Проф. Тадеуш Ольчак
Он был первым и единственным неевреем, вошедшим в нашу семью. Какое это имело значение? Сам он был без всяких антисемитских предрассудков, однако в довоенной Польше подобные смешанные браки порицались. Венчание состоялось в 1933 году, в приходской евангелическо-аугсбургской церкви в Варшаве. Мама также первой в родне сменила конфессию, что не вызвало среди родственников ни малейшей реакции: кроме верующего Самуэля Бейлина, никто из наших близких религиозным рвением не отличался. Верность Моисеевому вероисповеданию сохранялась больше из чувства суверенности. И отказываться от нее только ради того, чтобы облегчить себе жизнь, никто не собирался.

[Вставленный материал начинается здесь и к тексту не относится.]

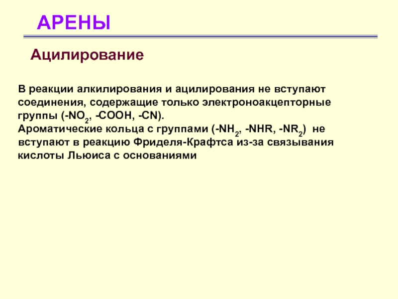 В реакции алкилирования и ацилирования не вступают соединения, содержащие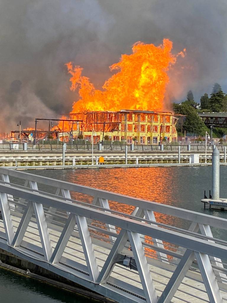 Flames engulfed a building that’s part of the unfinished Waterfront Place Apartments, at 1300 West Marine View Drive. The apartments were set to become the first major residential complex on the Everett waterfront, with 266 units in two buildings. About half of the construction project was destroyed Thursday.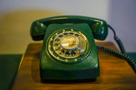A nostalgic vintage landline phone with a rotary dial rests on a marble table, evoking memories of simpler times and classic design elements in a retro setting.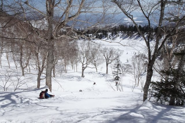 戻りはほぼヒップそりで滑りっぱなし。解放感ある斜面なので、雪の状態次第ではどこを滑っても問題なし。
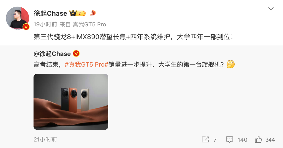 更何況,品牌總裁徐起也在個人微博中透露,在高考結束之后,品牌當家旗艦真我GT5 Pro還將會迎來銷量方面的進一步提升,有著足夠的資格成為大學生第一臺旗艦機。說實話,當目前不到3000元的活動到手價下,真我GT5 Pro能給到最新驍龍8 Gen3處理器和超強散熱、4500nits峰值亮度的無雙屏、IMX890潛望長焦、5400mAh電池+100W有線充電+50W無線充電、豐富AI實用工具等等旗艦級別體驗,整體性價比對于廣大學生黨來說著實很有吸引力。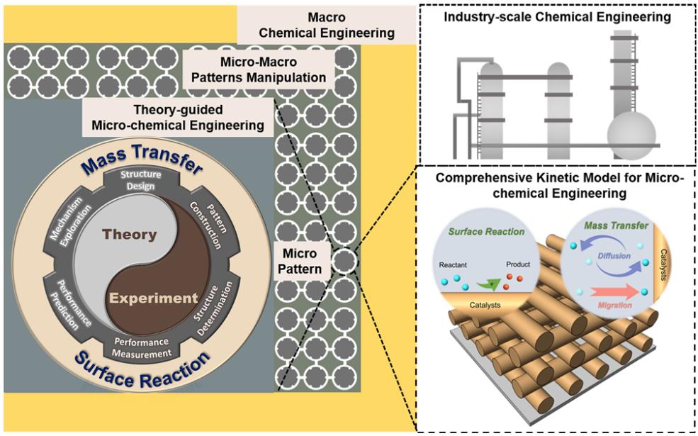 化學(xué)工程,于19世紀(jì)末開始發(fā)展并逐漸影響到工業(yè)生活的方方面面,是基于非線性耦合化學(xué)反應(yīng)的動量、能量和質(zhì)量傳遞的研究,強(qiáng)調(diào)的是諸如攪拌、分離、純化等單元操作的工藝優(yōu)化。與工業(yè)規(guī)模的化學(xué)工程一樣,傳質(zhì)過程和表面反應(yīng)也是納米尺度上非均相電催化反應(yīng)的重要組成部分。目前,工業(yè)化工的研究已經(jīng)相當(dāng)成熟,但是對微納米尺度的化工研究還罕見報道。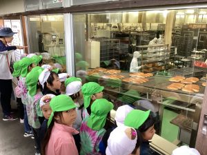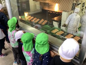 オギノパン工場では、お姉さんの話を聞いてからパンが作られている工程を見学させてもらいました。子どもたちはコッペパンがレーンの上を流れていく様子を見て「わあー!!きたきた!」「すごいねー!」と目を輝かせて見ていました。その後は、出来立ての揚げパンをたべました。「おいしー!」「もっとたべたーい!」と大喜びの子どもたちでした!美味しい揚げパンを食べた後は宮ケ瀬ダムへ向けて出発です!

Видимо, мой отец совершил грубую ошибку, придя в дом жены на Окульнике. Столкнулись два деспотизма: тещи и зятя. Бедная мама уже была беременна, плохо себя чувствовала, снова не переставая плакала, а они вели между собой непримиримые баталии за лидерство. Когда в ноябре 1934 года она со мной, родившейся, вернулась из больницы, Юлиан Тувим прислал ей в подарок ветку белой сирени в огромном цветочном горшке с запиской: «Поэзии с геодезией — красиво рифмующимся». Почему-то это так разозлило отца, что он выбросил цветок вместе с горшком. С шестого этажа. И вскоре ушел сам. Он еще успел принять участие в моем крещении, но вновь в гневе бежал. Выбор для меня крестных — Анны Жеромской и Леопольда Стаффа — он расценил как выпячивание наших литературных связей.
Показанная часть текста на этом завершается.